Required work
Beginning with the line below that contains "一枚で着ても存在感のあるカットソーレースブラウスですが、" and ending with the line that contains "夜勤の体内時計を整える最大の", copy every line exactly. Copy nothing else.

Given entries
══════
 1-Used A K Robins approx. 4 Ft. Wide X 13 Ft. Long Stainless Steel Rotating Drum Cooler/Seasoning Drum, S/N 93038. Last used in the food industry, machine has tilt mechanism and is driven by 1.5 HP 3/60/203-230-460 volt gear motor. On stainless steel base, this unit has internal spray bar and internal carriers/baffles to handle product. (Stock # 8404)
══════
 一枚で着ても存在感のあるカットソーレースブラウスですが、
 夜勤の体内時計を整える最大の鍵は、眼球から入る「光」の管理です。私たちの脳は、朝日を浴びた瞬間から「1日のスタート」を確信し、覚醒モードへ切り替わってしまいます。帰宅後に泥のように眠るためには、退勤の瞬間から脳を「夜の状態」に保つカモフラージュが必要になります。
══════
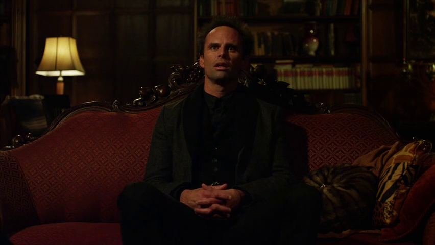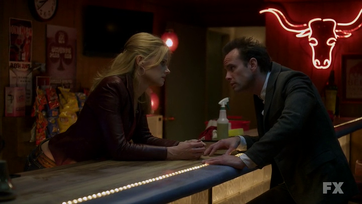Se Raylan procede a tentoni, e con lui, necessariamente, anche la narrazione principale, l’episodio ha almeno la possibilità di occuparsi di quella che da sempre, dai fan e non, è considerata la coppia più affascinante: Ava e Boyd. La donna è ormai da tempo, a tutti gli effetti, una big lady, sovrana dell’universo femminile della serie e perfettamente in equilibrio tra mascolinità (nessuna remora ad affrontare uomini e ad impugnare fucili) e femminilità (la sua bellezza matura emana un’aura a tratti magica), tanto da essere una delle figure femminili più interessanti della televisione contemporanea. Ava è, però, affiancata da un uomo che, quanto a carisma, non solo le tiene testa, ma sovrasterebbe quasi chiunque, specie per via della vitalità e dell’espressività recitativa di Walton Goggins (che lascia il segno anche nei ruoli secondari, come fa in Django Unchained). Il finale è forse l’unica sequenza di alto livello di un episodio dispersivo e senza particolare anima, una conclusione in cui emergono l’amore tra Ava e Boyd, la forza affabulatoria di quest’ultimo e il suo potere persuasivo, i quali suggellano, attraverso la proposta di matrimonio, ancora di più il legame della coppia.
══════
Your response
 一枚で着ても存在感のあるカットソーレースブラウスですが、
 夜勤の体内時計を整える最大の鍵は、眼球から入る「光」の管理です。私たちの脳は、朝日を浴びた瞬間から「1日のスタート」を確信し、覚醒モードへ切り替わってしまいます。帰宅後に泥のように眠るためには、退勤の瞬間から脳を「夜の状態」に保つカモフラージュが必要になります。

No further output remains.